1. A method for enhancing images in underground coal mines, characterized in that, Includes the following steps: Step 1. Establish a glow imaging degradation model to obtain a glow image, use a layer separation method to remove the glow, suppress overexposure, and obtain a degloss image; Step 2. Based on the low-light enhancement SRLLIE method, the objective function of the low-light enhancement SRLLIE method is improved according to the deglow image. The improved objective function is solved iteratively to obtain the illumination map that suppresses overexposure and preserves structural details and the denoised reflection map. Step 3. Adjust the brightness of the illuminance map using the S-shaped gamma correction function to obtain the optimized illuminance map; Step 4. According to Retinex theory, multiply the optimized illuminance map by the reflectance map to obtain the enhanced image; Step 2 specifically involves: The improved objective function formula for the low-light enhancement SRLLIE method is as follows: (3) in, Represents a reflection diagram. Represents an illuminance diagram. Represents a noise graph. For the input image, Represents a glow image; , and For coefficients; and These represent the F-norm and L1 norm, respectively. It is a first-order differential operator.

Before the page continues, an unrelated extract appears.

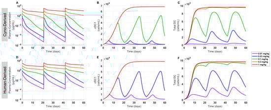 Cynomolgus monkey PK of FLT3L-Fc was used to project human PK by translating cyno-derived physiologically based PK parameters including lymph flow rate, interstitial fluid volume, and volume of distribution to human parameters and allometrically scaling CL, as previously published [42,43]. Two PK scenarios were simulated using different target-related parameters (i.e., FLT3 target capacity and proliferation-related parameters): (1) in the cyno-derived scenario, parameters were fixed based on the estimated parameters from cynomolgus monkey PK data or (2) in the human-derived scenario, parameters were adjusted to better match the PK of limited PK data of GS-3583 in healthy volunteers at two dose levels (Figure 5). The model simulated plasma exposures following multiple doses at levels ranging from 0.01–1 mg/kg for both scenarios. These PK profiles were then used to project the dynamics and level of cDC1 and total DC expansion using the PK/PD relationship established from the CDX-301 clinical data. Nonlinear PK was apparent in both scenarios at ≤0.1 mg/kg, and the loss of exposure due to TMDD at low dose levels was more pronounced in the cyno-derived scenario than the human-derived scenario because of the greater target concentration in the cyno-derived scenario (Figure 6A,D). As a result, the cyno-derived scenario required about a three-fold greater dose than the human-derived scenario to maximize the DC expansion effect (0.3 mg/kg vs. 0.1 mg/kg), causing cDC1 and total DC to plateau at approximately 70,000 and 1,000,000 cells/mL, respectively (Figure 6). Given that the human-derived scenario required a lower dose to induce a similar PD effect than the cyno-derived scenario, the human-derived scenario was chosen for FIH dose selection as the more conservative approach to achieve mPAD in healthy volunteers.

It is the adjusted gradient of the input image; In step 2, the objective function of the improved SRLLIE low-light enhancement method is solved iteratively by the alternating direction multiplier method. Introducing auxiliary variables Replace the second term of the objective function Then the objective function in formula (3) is transformed into the following form: (4) By introducing the Lagrange multiplier Z to eliminate the equality constraints, we obtain the augmented Lagrange function: (5) in, , for , for , Represents the matrix inner product. Indicates the scalar value of punishment.

2. The method for enhancing underground coal mine images according to claim 1, characterized in that, Step 1 specifically involves: A glow imaging degradation model is established, and glow images are obtained based on the glow imaging degradation model. The glow imaging degradation model is as follows: (1) in, This represents a degloss image; Glow image , As a light source, This represents the convolution operation. Represents the atmospheric point spread function; The glow discharge is removed using a layer separation method. The objective function of layer separation is: (2) in, This represents the objective function for performing layer separation. For first-order derivative filters in the horizontal and vertical directions It is a second-order Laplace filter; robust function ,in for , For fixed parameters; For smoothness weight parameters, This represents the r channel of the deglow image. This represents the g channel of the degloss image. This represents the b channel of the degloss image; Solve the objective function in the above formula (2) to obtain the degloss image.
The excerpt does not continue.